> **Work instruction**: Make an exact copy of all the data, pictures excluded.

> **Extracted material**:
◆ ◆ ◆ ◆ ◆ ◆ ◆

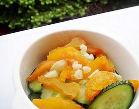 将白醋、糖、蒜蓉、话梅、盐调成醋汁,浇在黄瓜上,拌匀。
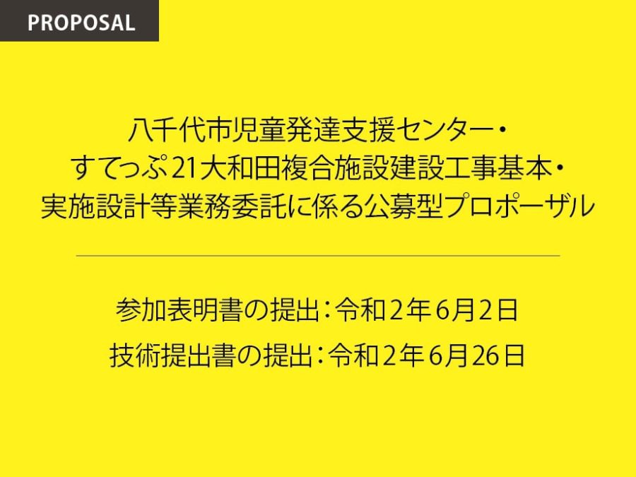 COMPETITION & EVENT 2020.07.15 優先交渉権者:豊建築事務所 / (仮称)八千代市児童発達支援センター・すてっぷ21大和田複合施設建設工事基本・実施設計等業務委託に係る公募型プロポーザル www.city.yachiyo.chiba.jp
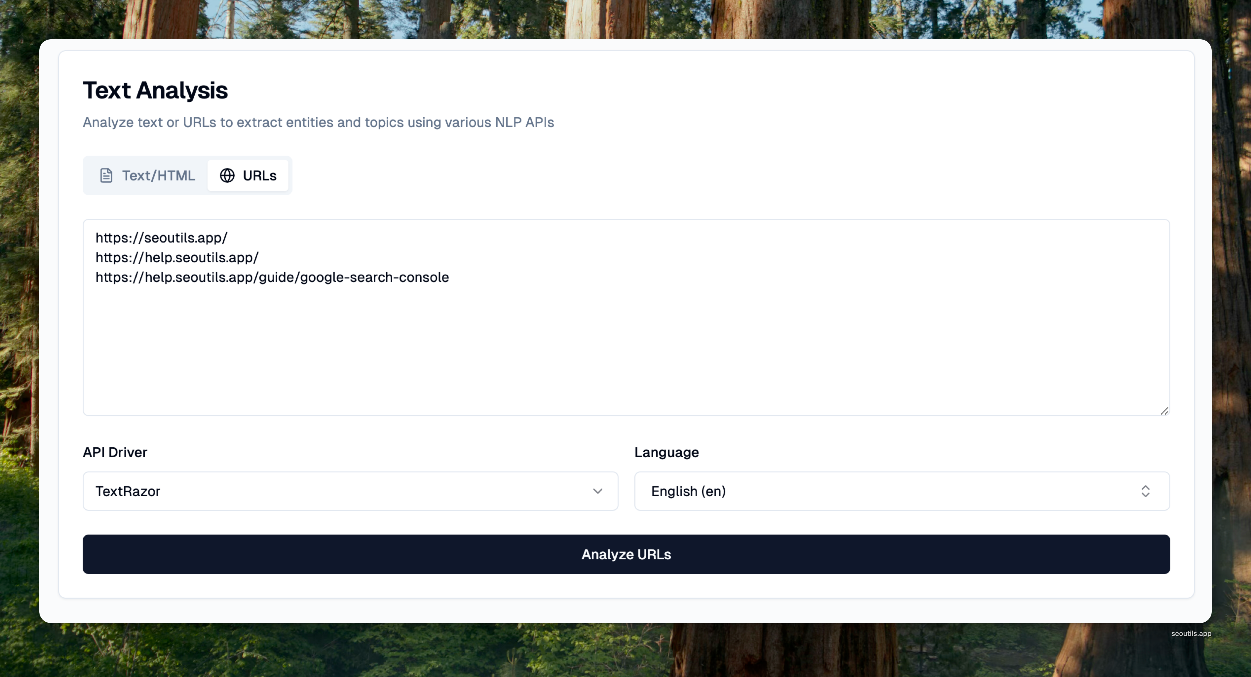 You can enter raw text, HTML, or multiple URLs into the provided input area.
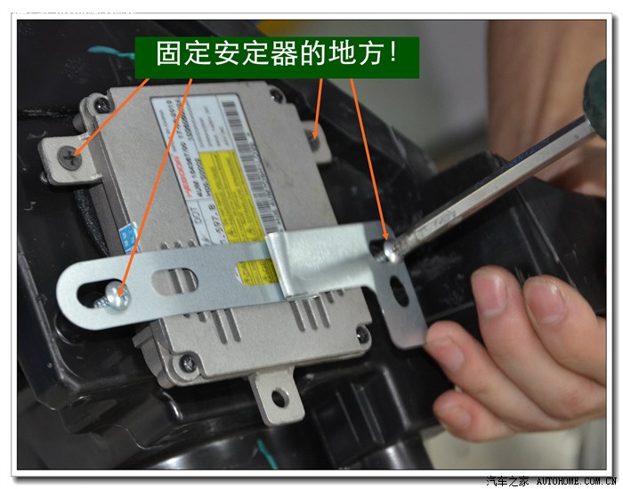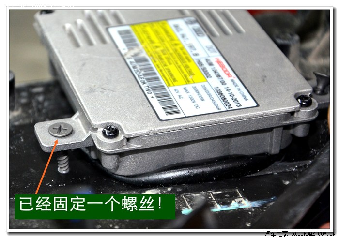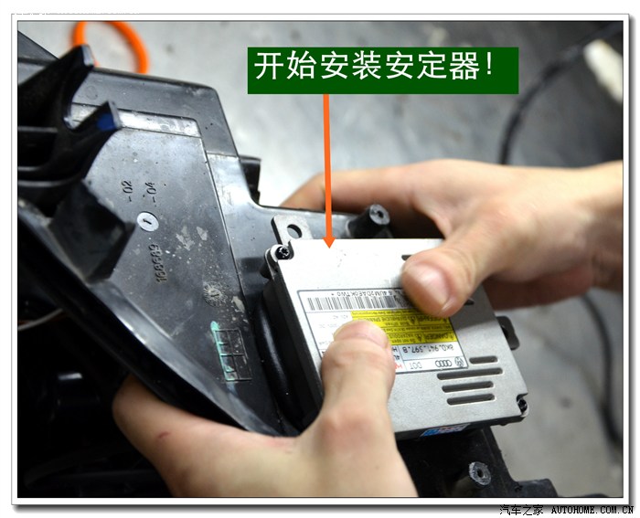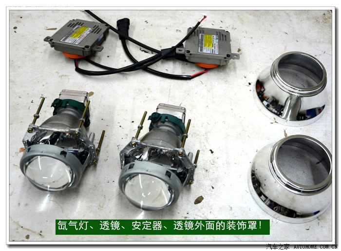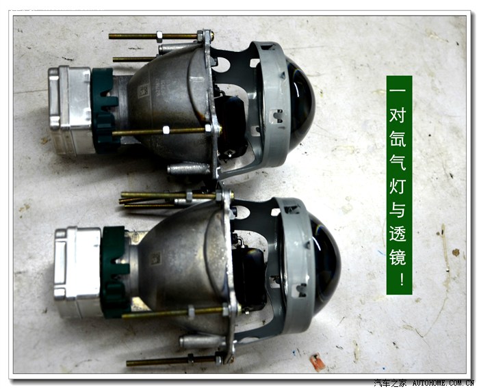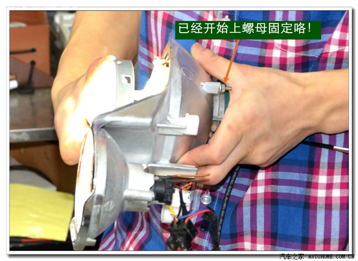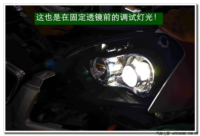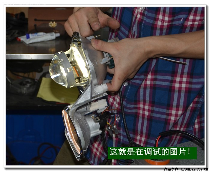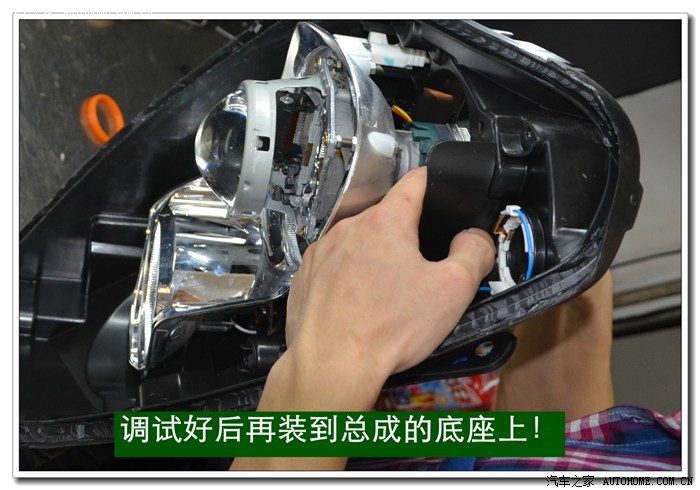 5、 在等待大灯总成加热的同时,将准备好的透镜、灯泡、安定器等配件连接好,然后根据具体情况进行聚焦调试,在调光板上检查近光切线的完整度、远光的聚光形状、左右灯泡的色温、亮度是否一致,调好后再装好固定透镜与灯碗的长螺杆。准备连接在灯碗上。
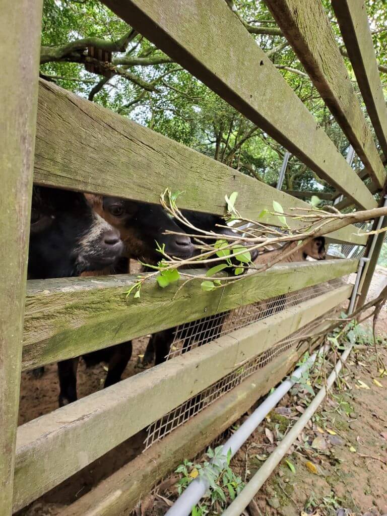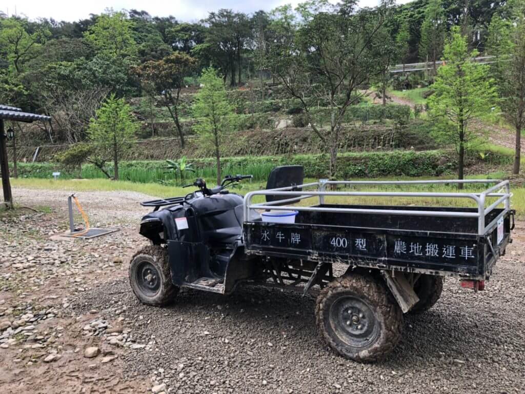 我們換好雨鞋沒多久,剛好有一位工作人員要騎著水牛車上去園區,而我們就這麼幸運的搭著水牛車一起上去直接到餵食的動物區,在現今的社會光是要看到水牛車就已經很難了,我們還可以坐,對我們來說真的是一大體驗呢
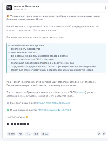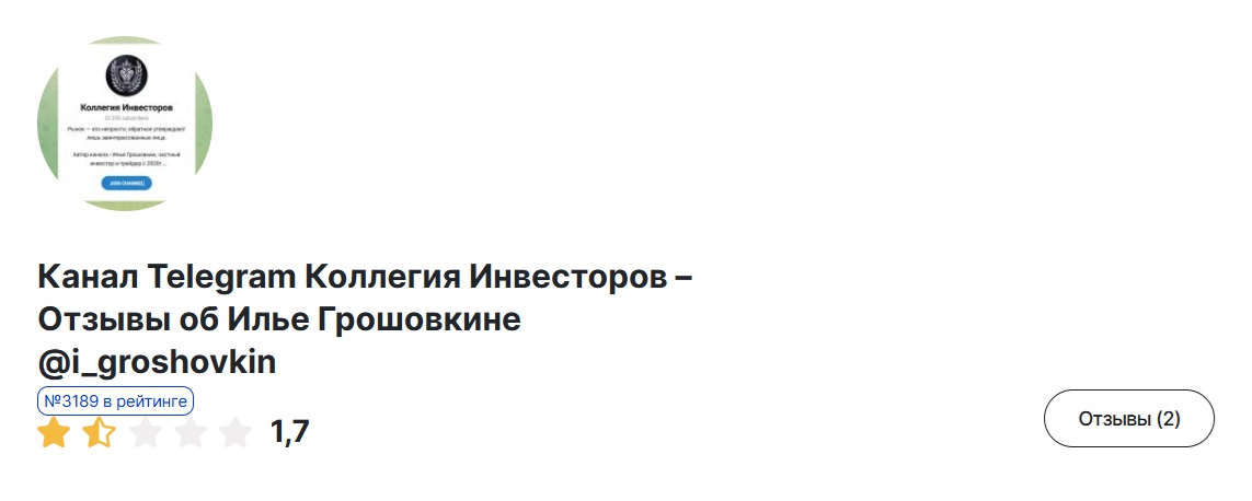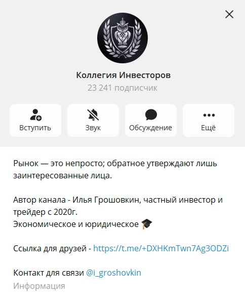 Телеграм-канал «Коллегия инвесторов» называет себя сообществом для трейдинга на фондовом рынке и криптовалютах. Лицо проекта — трейдер Илья Грошовкин. Доверять этому каналу пока оснований нет: стабильной прибыльной торговли не видно, а реальные отзывы только начинают появляться — активная реклама стартовала недавно.
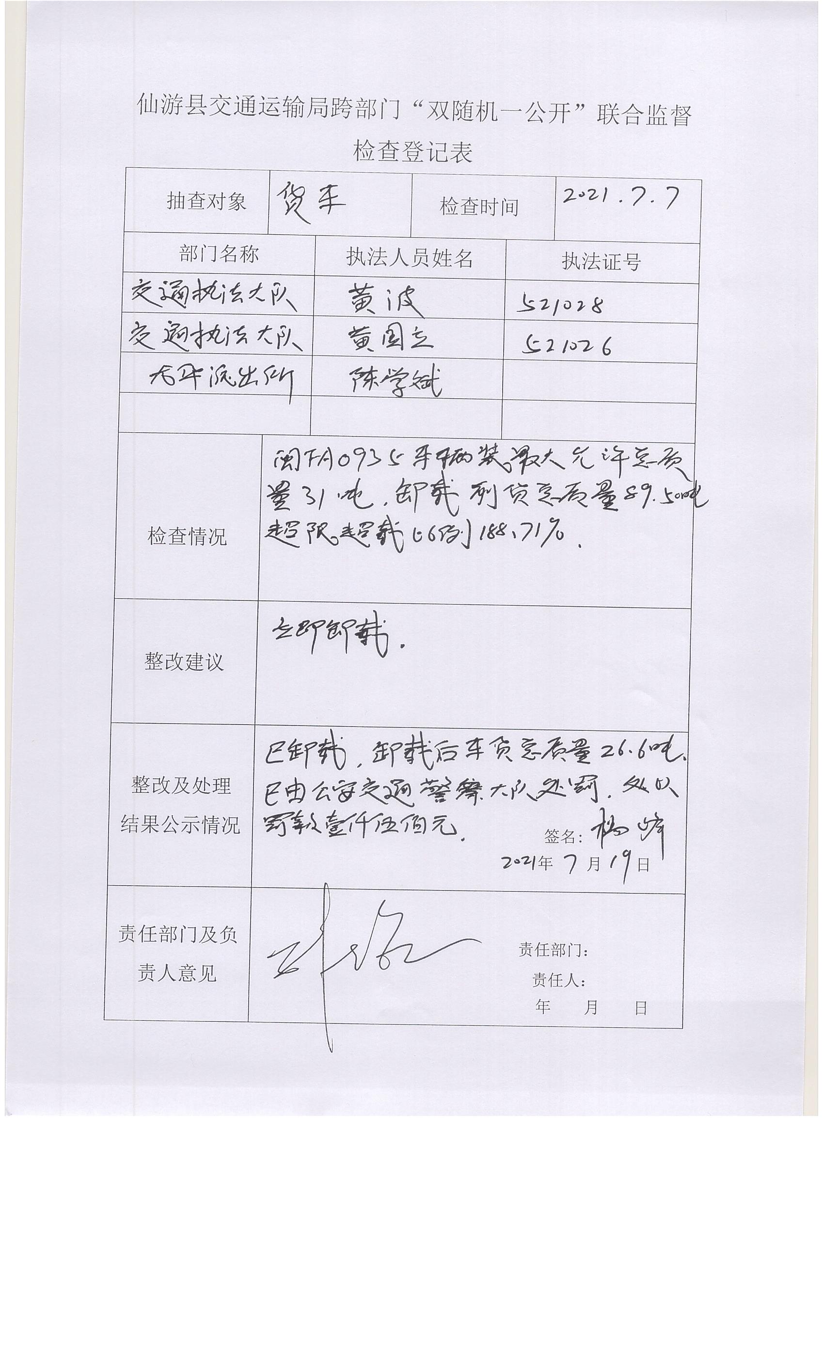 仙游县交通运输局跨部门“双随机 一公开”联合监督检查登记表
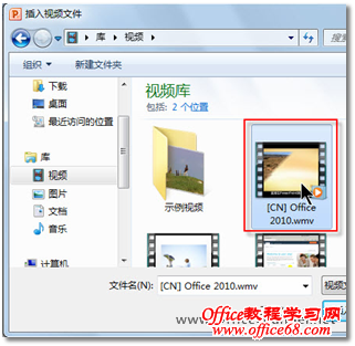 图1 文件中的视频 2. 在随即打开的“插入视频文件”对话框中,导航到存储产品视频资料的文件夹中,双击所需的产品介绍视频文件,即可将其插入到当前幻灯片中,如图2所示。

◆ ◆ ◆ ◆ ◆ ◆ ◆

> **Written solution**:
 将白醋、糖、蒜蓉、话梅、盐调成醋汁,浇在黄瓜上,拌匀。
 COMPETITION & EVENT 2020.07.15 優先交渉権者:豊建築事務所 / (仮称)八千代市児童発達支援センター・すてっぷ21大和田複合施設建設工事基本・実施設計等業務委託に係る公募型プロポーザル www.city.yachiyo.chiba.jp
 You can enter raw text, HTML, or multiple URLs into the provided input area.
 5、 在等待大灯总成加热的同时,将准备好的透镜、灯泡、安定器等配件连接好,然后根据具体情况进行聚焦调试,在调光板上检查近光切线的完整度、远光的聚光形状、左右灯泡的色温、亮度是否一致,调好后再装好固定透镜与灯碗的长螺杆。准备连接在灯碗上。
 我們換好雨鞋沒多久,剛好有一位工作人員要騎著水牛車上去園區,而我們就這麼幸運的搭著水牛車一起上去直接到餵食的動物區,在現今的社會光是要看到水牛車就已經很難了,我們還可以坐,對我們來說真的是一大體驗呢
 Телеграм-канал «Коллегия инвесторов» называет себя сообществом для трейдинга на фондовом рынке и криптовалютах. Лицо проекта — трейдер Илья Грошовкин. Доверять этому каналу пока оснований нет: стабильной прибыльной торговли не видно, а реальные отзывы только начинают появляться — активная реклама стартовала недавно.
 仙游县交通运输局跨部门“双随机 一公开”联合监督检查登记表
 图1 文件中的视频 2. 在随即打开的“插入视频文件”对话框中,导航到存储产品视频资料的文件夹中,双击所需的产品介绍视频文件,即可将其插入到当前幻灯片中,如图2所示。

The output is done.